Rudrabha / Wav2Lip

This repository contains the codes of "A Lip Sync Expert Is All You Need for Speech to Lip Generation In the Wild", published at ACM Multimedia 2020. For HD commercial model, please try out Sync Labs
https://synclabs.so
10.18k stars 2.19k forks source link

Why do I use this model(wav2lip_gan_base.pth) to generate a video with a mask on it, which makes it unclear? #222

Closed iamchenxin-coder closed 3 years ago

iamchenxin-coder commented 3 years ago

Hello, I use this model to input the video generated by picture 1. I feel that there is a layer of mask on it, which is not clear. What's the matter? How can I remove it?sorry,the video can't be uploaded

prajwalkr commented 3 years ago

Sorry, I do not understand your question. What mask are you talking about? what is the picture 1?
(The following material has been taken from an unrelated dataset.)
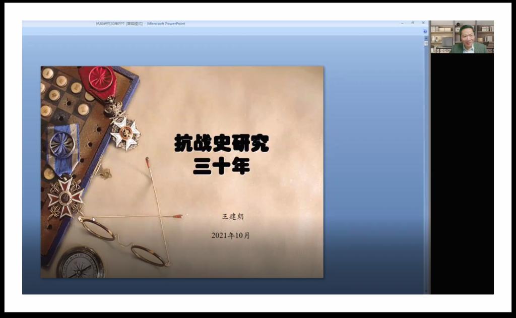 王建朗研究员结合自身治学经验,深入浅出地为大家奉上了一场精彩纷呈的讲座,为现阶段青年学子们更好的研究抗战史提供了自己答复。讲座的最后,钟声院长做了总结性发言,并再次对王建朗研究员的到来以及线上三百余名参与者的支持表示感谢。

iamchenxin-coder commented 3 years ago

Hello @prajwalkr, because my computer can't upload pictures with too much memory, I will reduce the image of the generated video and send it to you for a look. This picture is generated by wav2lip + Gan, but there is a layer of mask on it, which makes the whole video unclear,Especially when the size of the input image is large, the resolution of the generated video is higher, and the mask is more obvious. I especially want to know how to remove the mask. video_with_mask

The documents of the project are in operation inference.pyimage image image

Finally, I found this code in the function datagen, which can adjust the color level of the facial mask in the generated video. I don't know how to adjust img_masked value to get an invisible video effect,help tell me how to adjust here. The code of the red box in the following picture is added by myself. I want to see the effect of modifying this value. image

The generated video frame is shown in the figure below: generate_video_pic_img_mask=0

Rudrabha commented 3 years ago

We concatenate a reference frame (from any random time step) and the GT frame with the lower half masked (during training). This is to provide the model with the target head pose information without leaking the lip shape (GT frame contains the GT lip shape). During inference at any time step, we concatenate the lower half masked frame with itself. This is the masking step you find in this line. I think the face detection failed for this particular example. Probably the face was detected above the real face, and the lower half mask meant that the forehead region was masked out.